DH was talking with a friend at church and our friend spanks his two year old. They are very gentle and loving parents...I think they're just pressured by their parents to spank and do time-outs and stuff, and they have a very active two year old like us. Anyway, DH told him we don't spank and our friend asked what we do for punishment. DH told him that for the specific behavior they had been talking about, we do separate ds from whomever he's around (I think it was hitting?).

So DH and I were talking later and DH had kind of felt like he was making it sound like we don't do anything for ds's behavior and let him get away with everything, even though we don't. So we talked about how to portray unconditional parenting to others when they ask us about it.

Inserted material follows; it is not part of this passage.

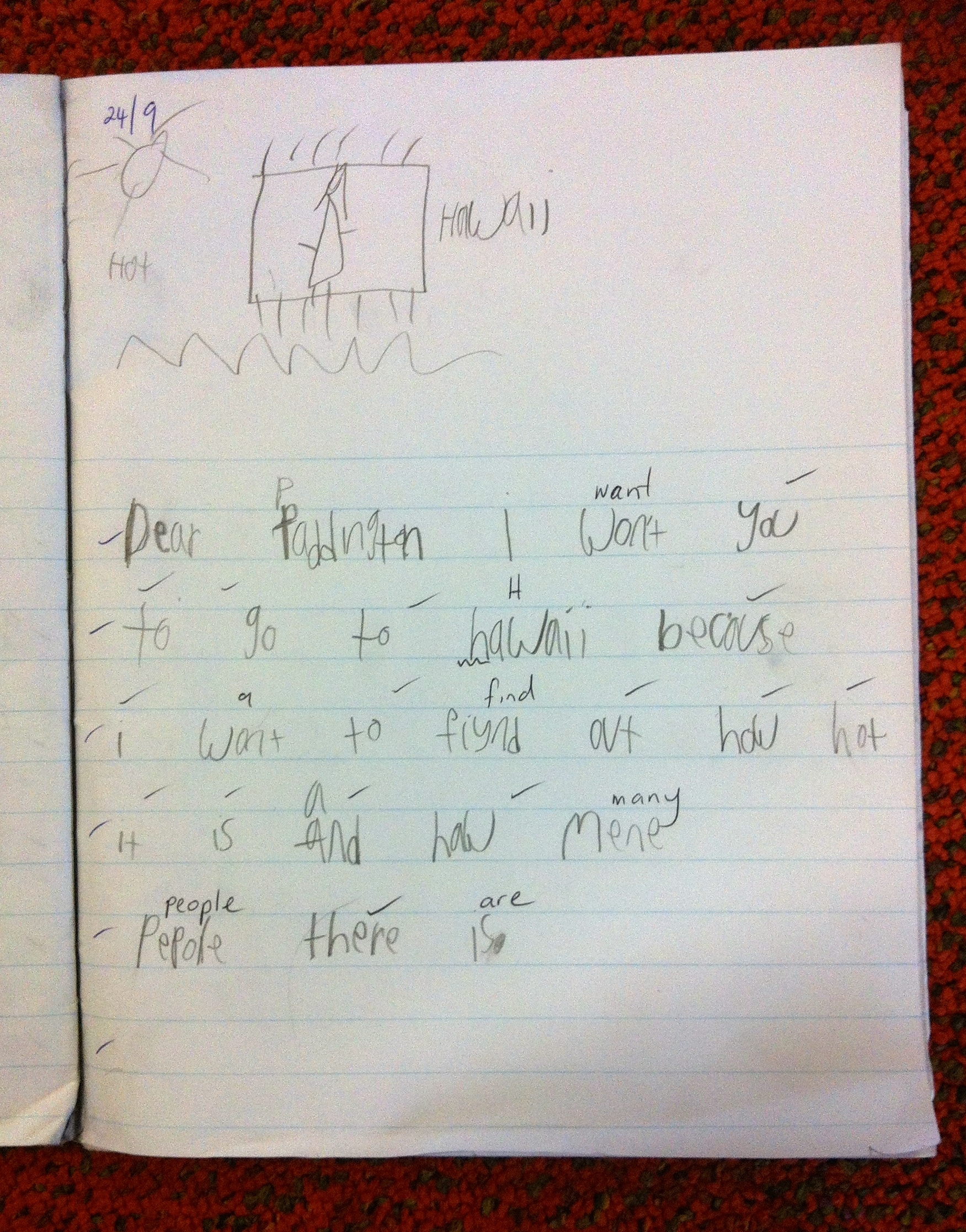 Dear Paddington, I want you to go to Hawaii to see how hot it is on the beach.

We thought that maybe it would help them (and us?) if we explain it that we use natural consequences, but natural consequences that are not punitive. Does this make sense? Does anyone else think of it this way?

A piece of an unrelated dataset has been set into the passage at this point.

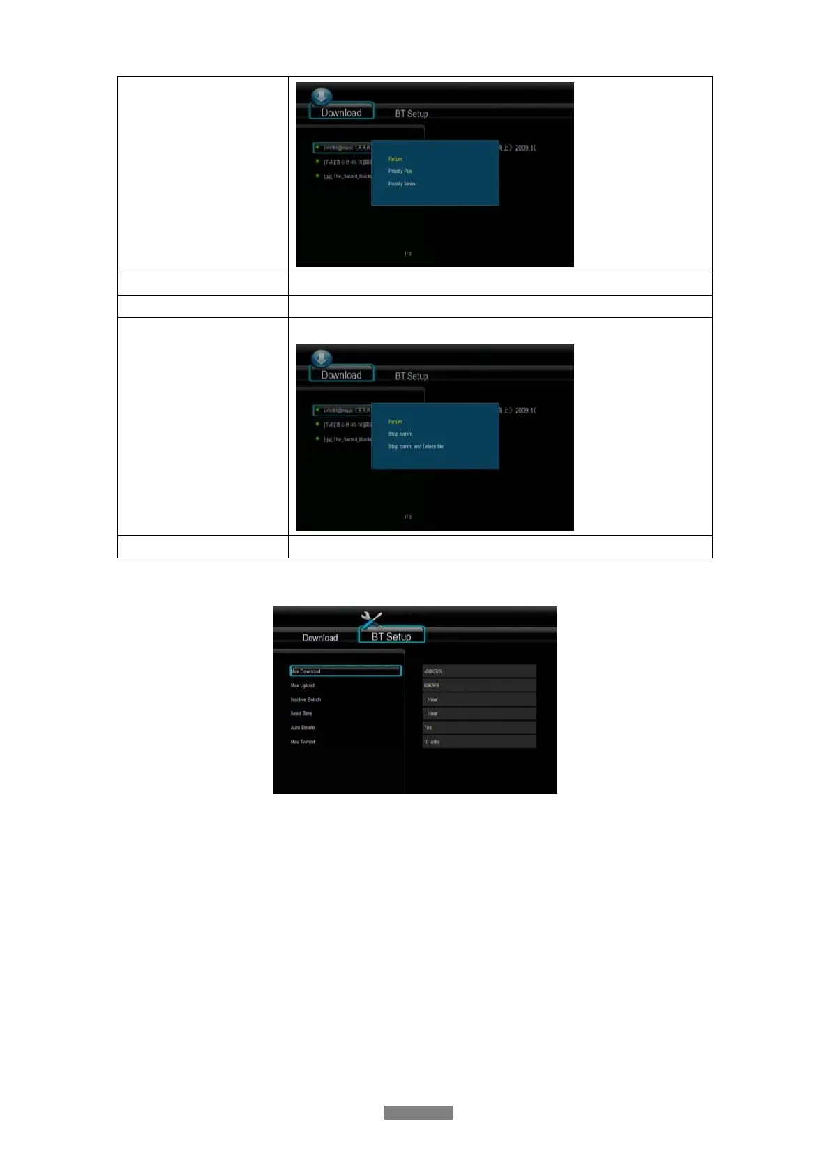 In the BT Setup menu, you can configure the following settings. Use UP/DOWN and ENTER

I think dh and I need to sit down and talk about some natural consequences that might happen for different situations. Does anyone feel like listing some that you do in your family?

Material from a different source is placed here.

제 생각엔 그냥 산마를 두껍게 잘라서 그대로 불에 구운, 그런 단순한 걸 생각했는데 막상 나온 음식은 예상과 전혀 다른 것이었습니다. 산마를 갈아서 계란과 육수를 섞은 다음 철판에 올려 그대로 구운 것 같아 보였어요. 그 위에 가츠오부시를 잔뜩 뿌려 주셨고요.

One for us is that if ds is hitting dd (who is one year old) with something, then that object needs to take a break since he's not being safe with it. And then I ask him if he'd like to see if she's okay (sometimes he does and sometimes he doesn't), and I get him to play in a different area and we move on.

Does that sound like unconditional parenting and like a natural consequence?

Thanks for any help you might have. DS is very active and we've really struggled with things and with changing how we deal with situations with him.

~Sheree
post #2 of 3
I think of GD as a way that we can discipline now and in the future, a long term way of thinking, KWIM? When people use the term natural consequences I think of something like if you don't bring an umbrella and it rains, you'll get wet. I don't think any imposed consequence/punishment is a natural consequence. For the situation you described I would make sure I didn't leave them unsupervised to play and try to stop the situation before the 2 y/o resorts to hitting-like if you see him get frustrated or the 1 y/o grabs his toy you can jump in. 2-4 can be rough behaviorwise but eventually it does pass
post #3 of 3
Natural consequences are not "used" in UP, as intentionally using any kind of consequence is a punishment. However, consequences do sometimes naturally happen, and we can't always stop them, either because they are out of our control or because there is a safety issue (like if I take a knife away from my toddler, I'm not punishing her for using the knife, I'm just keeping her safe.) It might seem like semantics, and I understand that, but if you're trying to explain UP to people who haven't heard of it or don't understand it, I think talking with the language of punishment is not the way to go. They won't understand that it isn't an issue of replacing one kind of a punishment with another.

I find a good way of explaining is that we try to look past the behavior at the reason for the behavior, and then address the reason instead of the behavior itself. If you only address the behavior, then the problem that caused the behavior will still need to be dealt with, with the same punishment or a different punishment when the behavior shows up again most likely. But if you solve the problem causing the behavior, the behavior will stop because the cause is no longer there.

So, if a child is acting out, and you look beyond the acting out and see that the child is not sleeping well, then you could punish for acting out, or you could just work on the sleep issue. Or if siblings are fighting you could punish them for fighting, or work on the sibling rivalry issues that lead to the fighting. And yes you could do both, though punishing seems like an unnecessary step to me if I'm working on the cause, and I question whether punishment teaches kids what we intend to teach.